AgNPs supported over porous organic polymers for the fixation of CO2 on propargyl alcohols and amines under solvent free conditions

Abstract

Designing efficient catalysts for the chemical fixation of CO2 on reactive organics under mild conditions is very challenging from the perspectives of green and sustainable chemistry. Here we report a triazinetriamine-based porous organic polymer (TzTa-POP) and immobilized silver nanoparticles at its surface to fabricate a metal nanoparticle embedded catalyst AgNPs@TzTa-POP. The characterizations of AgNPs@TzTa-POP have been carried out by using FTIR, PXRD, TGA, SEM, EDAX, TEM, N2 sorption and XPS analyses. The catalytic activity of Ag-NPs@TzTa-POP was evaluated in the carboxylative cyclization (intramolecular nucleophilic) of propargyl alcohols by using CO2 as a reactant to obtain α-alkylidene cyclic carbonates. The desired α-alkylidene cyclic carbonates with high selectivity (>99%) and significantly high yield (87–98%) were achieved via atmospheric fixation of CO2 at room temperature under easily operative reaction conditions.
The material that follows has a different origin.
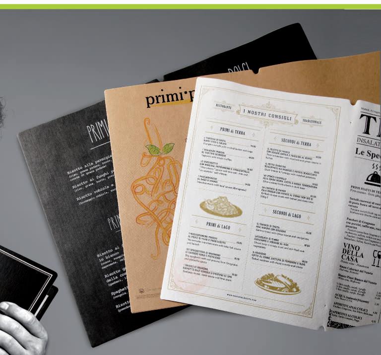 DAG Style offers internal pages in 170 gsm mattcoatedpaperdie-cutandprintablewith laser copiers, a perfect platform for covermenus.

Furthermore, Ag-NPs@TzTa-POP showed excellent catalytic activity in the three component coupling reaction involving CO2, aromatic/aliphatic amine and aliphatic/aromatic halide for the synthesis of value added organic carbamates. High isolated yield (∼87–95%) of the desired carabamate product was obtained using 1 atm CO2 pressure under mild reaction conditions at room temperature. The catalyst sustains its activity for five consecutive reaction cycles for both the reactions. Post catalytic characterizations of AgNPs@TzTa-POP after five reaction cycles were carried out to figure out any materialistic changes in the metal nanoparticle embedded porous organic polymer.